Si uno llora por no ver el sol, las lágrimas pueden impedirle ver las estrellas. De eso se trata: de evitar más lágrimas por víctimas y por mártires.

El frente interno atenta contra Barak. No le perdonan los judíos ortodoxos haber flaqueado frente a Arafat ni, en casa, su intención de permitir que los sábados, día de reposo del sabath, circule el transporte público en las grandes ciudades y despeguen los aviones de la compañía estatal El Al. Globalización que le dicen. Es una revolución laica que hasta los militantes religiosos del laborismo ven como una afrenta.

El frente interno también atenta contra Arafat. No le perdonan los fundamentalistas de Hamas que haya postergado por segunda vez la proclamación formal del Estado Palestino, prevista para 13 de septiembre, siete años después del histórico apretón de manos con Rabin en Washington. Primero vacilante, luego decidido. Tan decidido como, ahora, su recato ante la presión de los Estados Unidos y de la Unión Europea con tal de evitar el baño de sangre que prometieron los israelíes, amenazantes.

El Estado ya existe, en realidad. Fue creado el 15 de noviembre de 1988, en Argel, por el Consejo Nacional Palestino. Entonces, en el exilio. Es un símbolo su proclamación. O, acaso, una forma de forzar la cesión del sector oriental de Jerusalén, capital eterna e indivisible de Israel por la ley de anexión que deparó la guerra de 1967.

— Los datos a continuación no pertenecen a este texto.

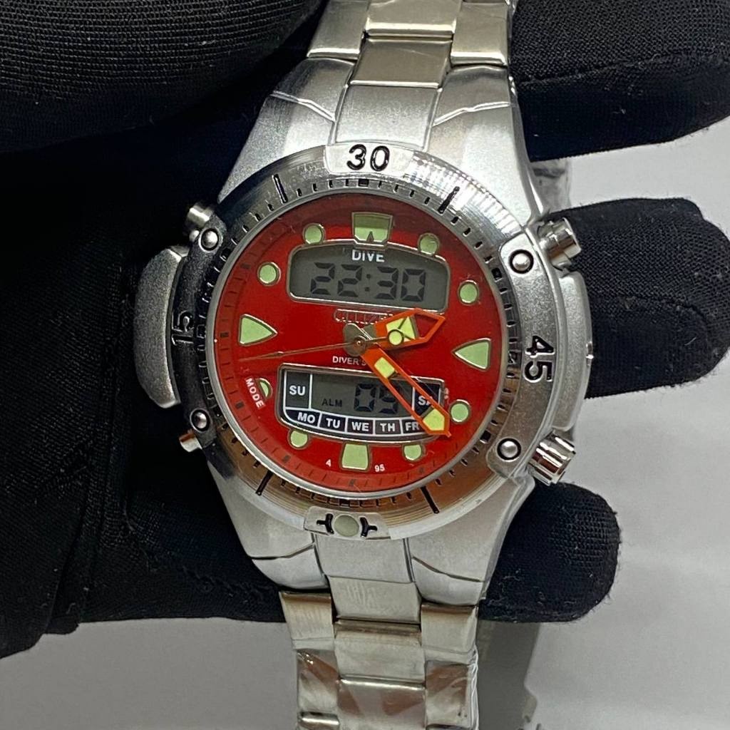 Nunca perca o tempo e esteja pronto para suas aventuras aquáticas com o Relógio Aqualand. Este relógio de mergulho é a escolha perfeita para entusiastas do mar que desejam estar sempre em sintonia com os números e ter um parceiro confiável durante suas explorações subaquáticas. Com uma resistência à água de até 20 metros, este modelo analógico-digital oferece diversas funções essenciais para mergulhadores, incluindo medição de profundidade e controle de oxigênio. Além disso, ele adiciona um toque de modernidade ao seu visual e pode ser usado em diversas ocasiões. FUNÇÕES - Exibição analógica e digital - Cronógrafo progressivo - Calendário digital completo - Opção de horário 12/24 horas - Alarme diário - Alarme de profundidade de mergulho - Alarme de tempo de mergulho (controle de oxigênio) - Profundômetro CARACTERÍSTICAS - Sistema de energia: Bateria - Ponteiros e índices luminosos - Coroa rosqueada - Tampa posterior rosqueada - Resistência à água: 20 metros - Vidro resistente a arranhões - Pulseira de aço inoxidável com escala de profundidade e descompressão - Indicado para: Atividades diárias, mergulho, esportes aquáticos e estilo casual. Tipo de Relógio: Analógico e Digital Como é feito o envio do produto? Para garantir que seu relógio Aqualand chegue em perfeitas condições, ele será enviado em uma embalagem de proteção adequada. Prazo de envio: Comprometemo-nos a enviar seu pedido em até 1 dia útil após a confirmação do pagamento. É possível retirada na loja? Somos uma loja exclusivamente online e atendemos clientes em todo o Brasil. ATENÇÃO: Todas as imagens e informações deste produto são autênticas e de nossa própria autoria. Não utilizamos imagens genéricas ou de terceiros. Convidamos você a conhecer a qualidade do Relógio Aqualand e fazer sua compra com total segurança. Nossa marca e equipe estão empenhadas em proporcionar a melhor experiência na pré-venda e pós-venda, garantindo uma compra segura.

El desastre siempre transita por dos vías paralelas: pedir lo imposible y retrasar lo inevitable. Lo imposible y lo inevitable es el status de Jerusalén. Palestinos e israelíes han llegado a la mitad, cansados. El riesgo, con la explosión de violencia, no es ir ni regresar, sino hundirse. Maalesh: Barak tiene un plan; Arafat, tampoco.